The Prankster
At one point, I had a photo to accompany this “story,” but I somehow managed to misplace it. I’ll send it if and when I find it. It’s a photo of Bill and Butch and my dad at, I think, Letchworth State Park, probably taken when the boys were about the age they are in this story. That’s why I wanted to use it.
It occurs to me as I’ve sifted through hundreds of old photos, that I’m not coming across many of my father with Bill and Butch. I’m thinking that could be because my father was the primary photographer in our family. Also, this is the first time that the photo didn’t inspire the story; it’s the other way around. The story inspired my search for a photo, and the story is more about my father than about my brothers.
You should know in advance that my father loved to tell jokes, laugh, drink beer, and play practical jokes on people. One summer day after dinner, he led Bill and Butch out to the sidewalk in front of our house and challenged them to race him around the block. (I think the guys were around 11 to 12 years old at the time.) I could tell that they were very excited about the idea of racing my dad, and it was clear that they scoffed a little at the notion that he thought he could win.
My father laid down some rules before the race began. He explained that all three of them would start out running at the same time, but he would run toward Hopkins Street and they would run toward South Park Avenue, in other words in opposite directions from the start. The idea was that their paths would cross somewhere on Folger Street and then they'd race back to our house on Pries.
So Bill and Butch took off running in one direction, and my dad ran the opposite way. After he had jogged just a short distance, my father looked over his shoulder and saw the boys racing like mad and almost to the corner of Pries and South Park… at which point he turned around and walked back to the house.

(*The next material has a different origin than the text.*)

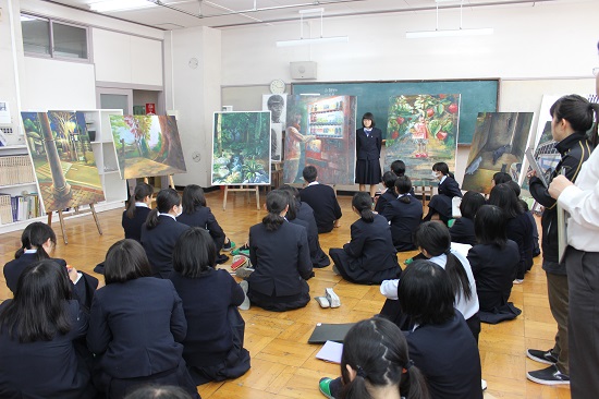 2年生は春休みに制作した油彩画の大作(F50~F100)の発表会を行いました。春休みといってもほとんどの生徒が毎日部活動に来て、制作に励んでいました。
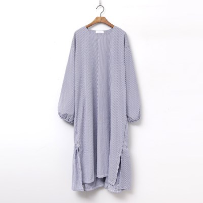 스트라이프 패턴에 풍성한 소매가 돋보이는 원피스.

He sat with me on the porch and waited for Bill and Butch. Before too long, they arrived all sweaty and disgruntled. By the time they had run almost all the way around the block, they must have realized that my father, who was sitting on the porch laughing his brains out, was playing a joke on them. After a while, they started laughing, too. This was my father's idea of fun. You can imagine that we all felt very much on guard around him as a result. Always a prankster.